The Flower School
Rabindanath Tagore is the iconic Bengali writer who brought India its first (only, so far) Nobel Prize in Literature. Through the innocent eyes of a school-going child, the poet captures the thrill and excitement of the blossoming of flowers with the onset of rains. The childlike description of the seasonal appearance and departure of flowers on and from the face of the earth touches everyone’s heart. A child’s fascination with flowers, her dread of the school, and love for her mother are depicted in this short poem with remarkable vividness. This is why this small poem has such time-less abiding appeal.
Explanation … When storm clouds burst and rains begin to fall from the sky in June, moisture-laden winds from the east brush past the bushes with great speed. A shrill sound emanates from the bamboo bushes.
A huge carpet of yellow-coloured tiny flowers seem to descend down on the grass, as the seasonal flowers erupt with astounding glee.
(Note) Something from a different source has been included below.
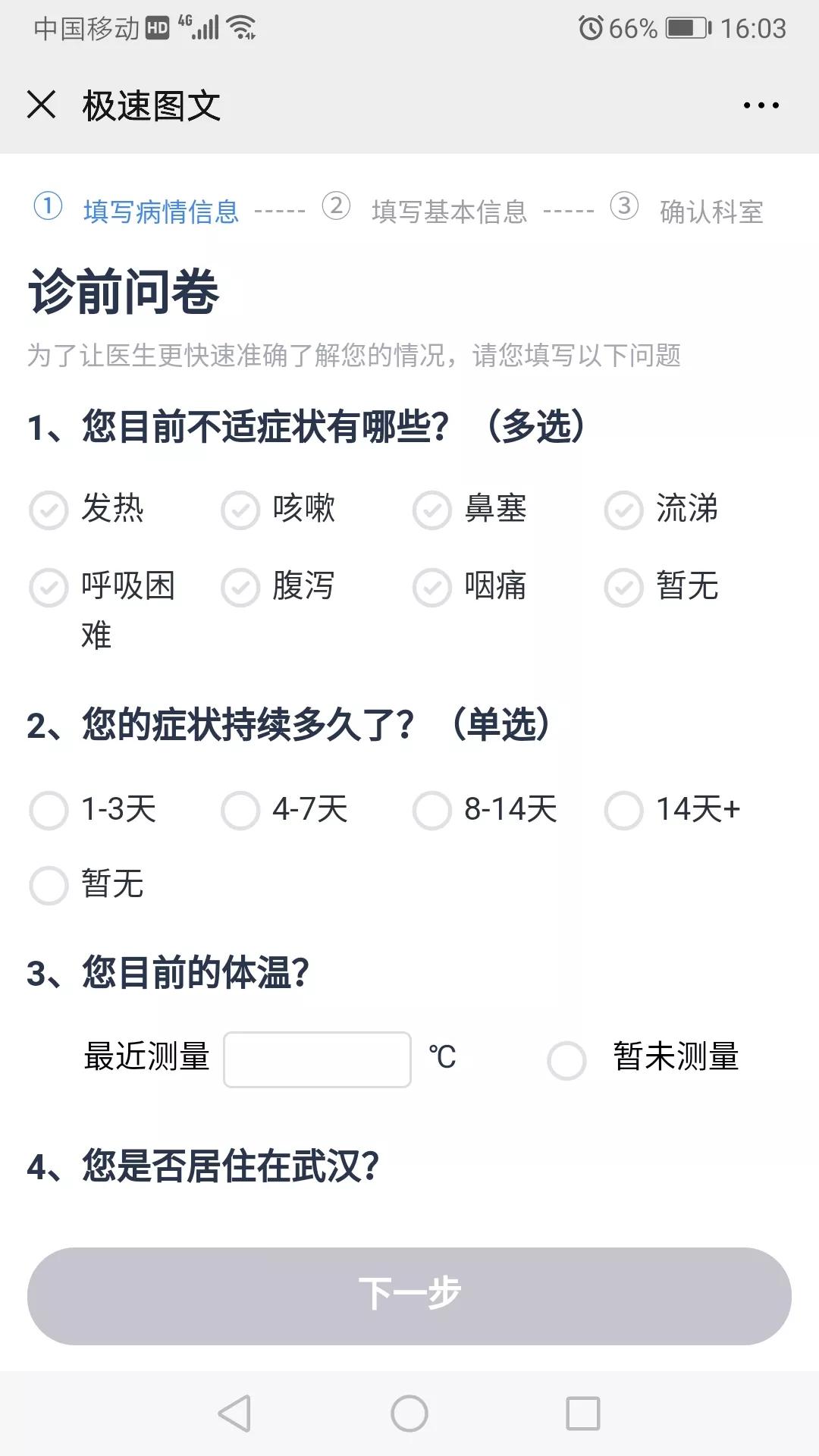 開(kāi)啟診前問(wèn)卷根據(jù)自己的具體情況

Prior to appearing on the grasses, the tiny flowers seem to go underground to finish their home tasks. Only after they finish the tasks, they venture to come to the open. Just as a child is pulled up for coming to class with incomplete homework, the same way the flowers do not dare to prematurely blossom on the earth. Such likening of the wild flowers with school-going youngsters is nothing but a figment of imagination conjured up by the poet, but it is so apt and enjoyable.
The rain’s arrival brings some respite from studies. The flowers come out to the open with frenzied excitement, the same way students welcome the start of the holidays.
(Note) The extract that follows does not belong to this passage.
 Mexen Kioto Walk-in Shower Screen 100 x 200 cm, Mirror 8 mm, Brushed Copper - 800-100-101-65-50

As the winds sway the trees, the branches rub against one another and the leaves flutter filling the air with strange sounds.
The clouds roar with vigour and flowers of myriad hues make their appearance in unison.
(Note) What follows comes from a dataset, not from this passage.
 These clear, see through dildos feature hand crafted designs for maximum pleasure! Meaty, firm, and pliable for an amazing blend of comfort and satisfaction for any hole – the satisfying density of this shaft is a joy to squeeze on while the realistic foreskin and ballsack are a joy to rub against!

The child is bewildered to see all these. He imagines that the abode of the flowers is in the starry sky, and they come to the earth on annual sojourns.
In his innocence, the child imagines that the flowers are keen to go back to their homes. The flowers’ mothers are there in the sky and the flowers can not remain away from their mothers for too long. So, they come, but go back hurriedly.
The child’s innocence is so endearing.